Assigned task:
Print the lines that start the entries and continue through the one holding "This saree is", please, exactly and with the pictures omitted.

[Records drawn from a dataset]
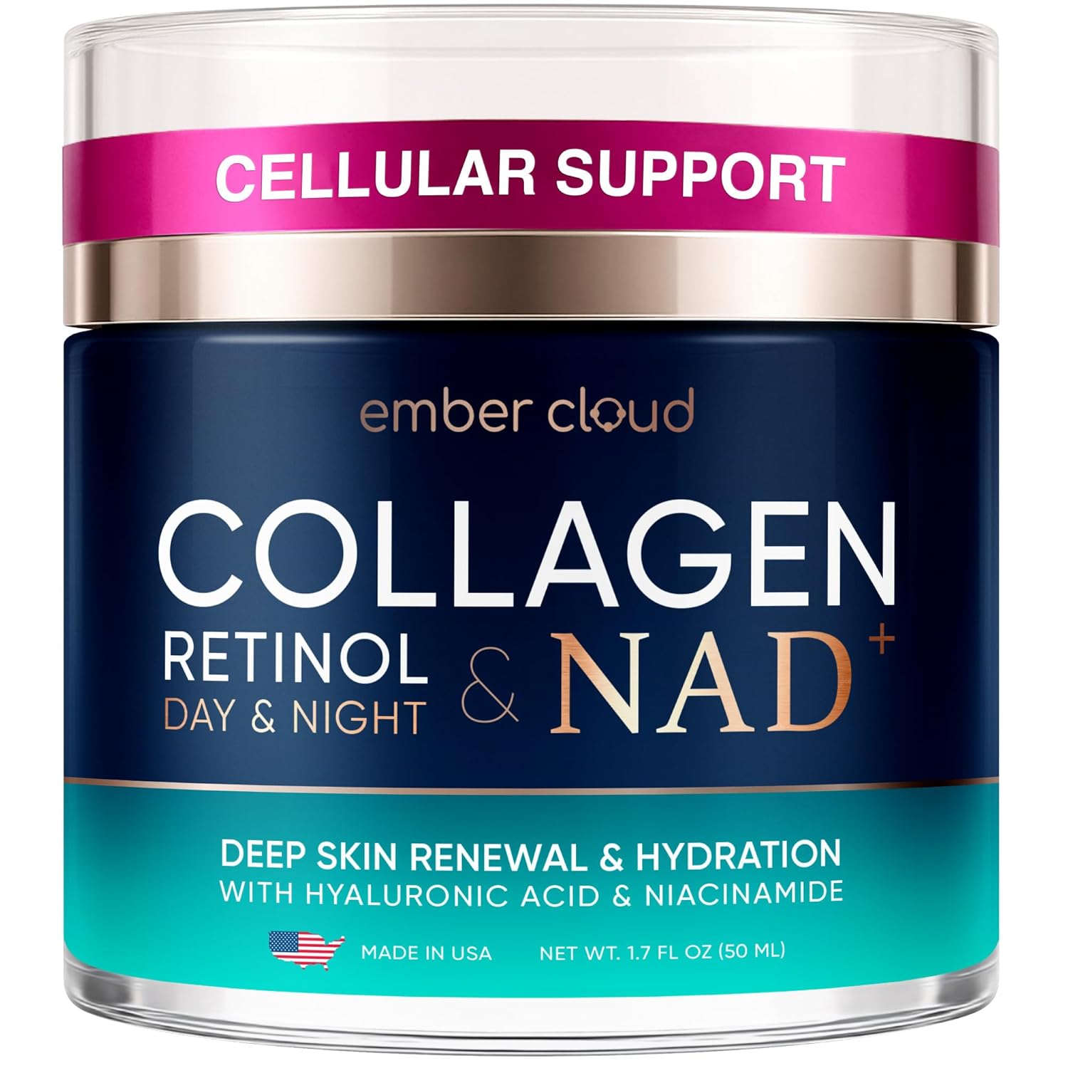 Collagen NAD+ Cream for Face Retinol Hyaluronic Acid Niacinamide for All Skin Types - Anti-Aging Face Moisturizer with Airless Pump - Day & Night Cream for Wrinkles - Made in USA 1.7 Oz
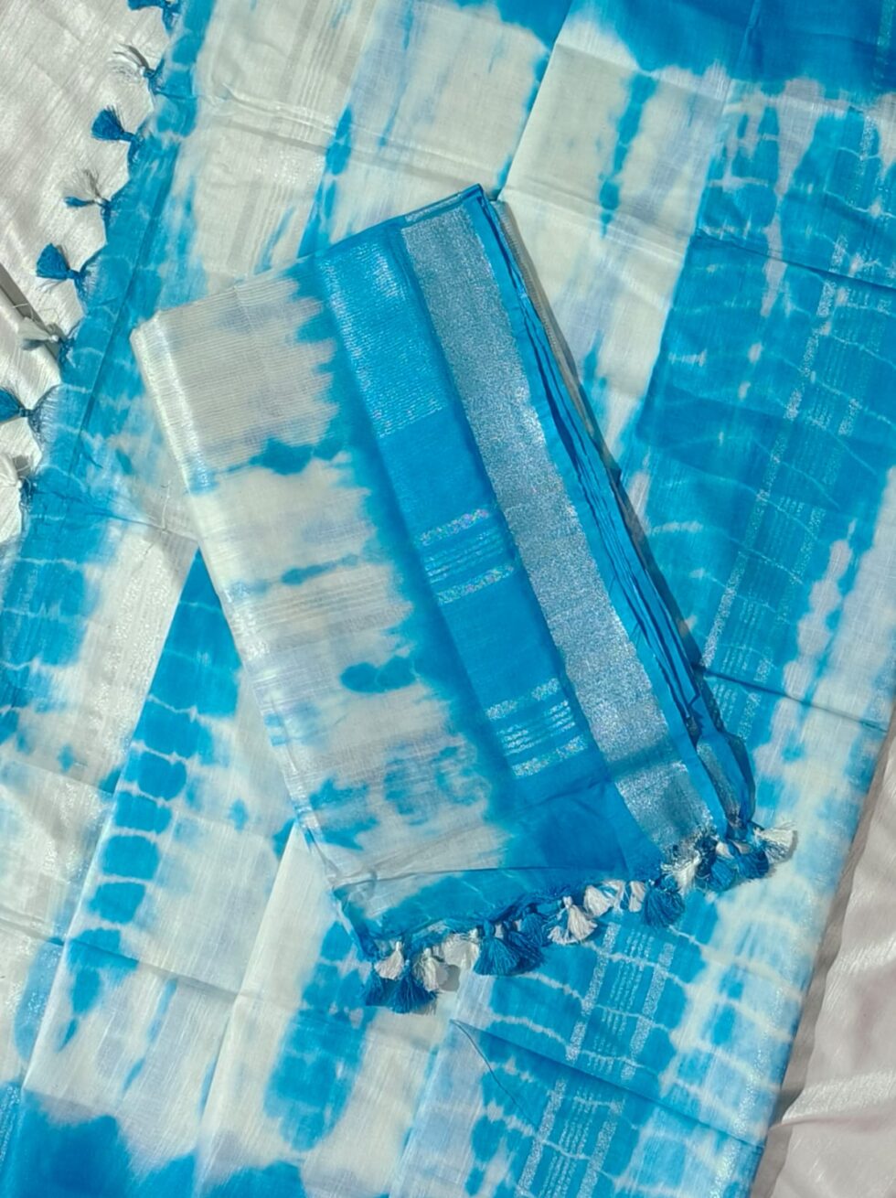 This saree is made from a blend of pure handloom linen and cotton. Linen is known for its strength and comfort, being derived from the flax plant fiber.
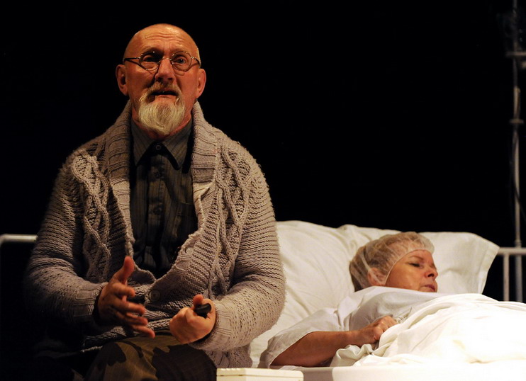 Bicskei Istvánnal következő alkalommal a Lear király című előadásban találkozhat a közönség. Máthé András csatolt fotóján a színművész Az ajtó című előadásban látható Kubik Annával.
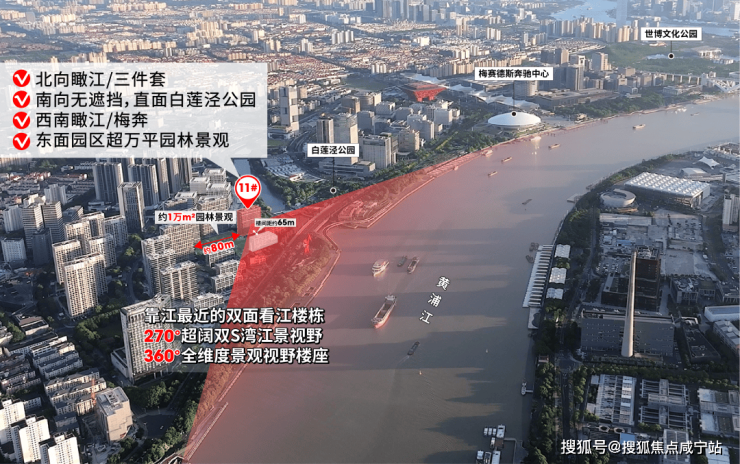 ② 360°全维度景观视野楼座:北向瞰江/三件套、南向白莲泾公园、西面瞰江/梅奔、东面园区超万平园林景观!
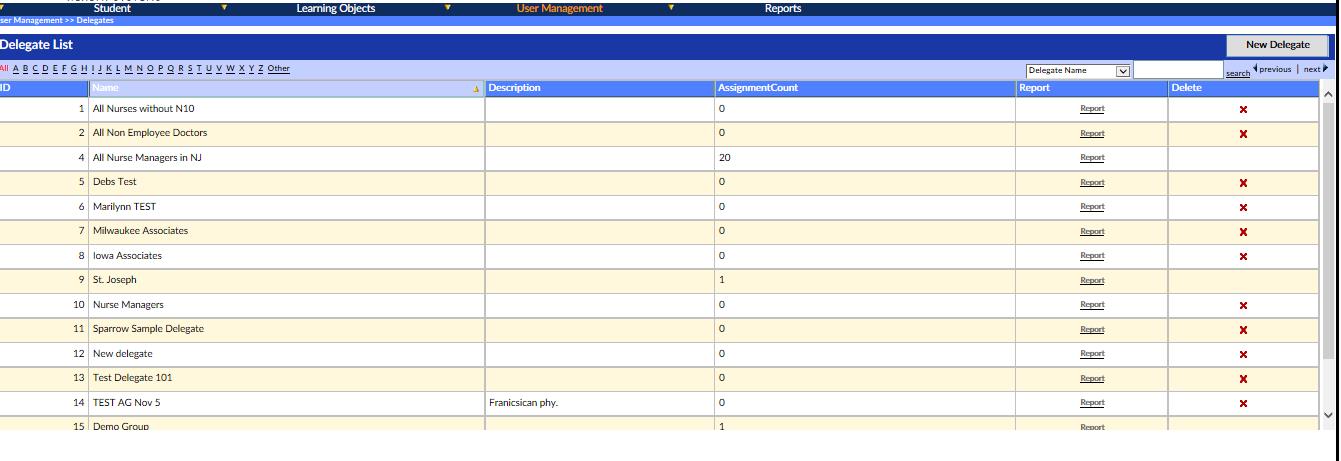 This will bring you to the Delegate List page where you can view, edit, delete existing assignments and create (and schedule) new Delegates.

Expected answer:
 Collagen NAD+ Cream for Face Retinol Hyaluronic Acid Niacinamide for All Skin Types - Anti-Aging Face Moisturizer with Airless Pump - Day & Night Cream for Wrinkles - Made in USA 1.7 Oz
 This saree is made from a blend of pure handloom linen and cotton. Linen is known for its strength and comfort, being derived from the flax plant fiber.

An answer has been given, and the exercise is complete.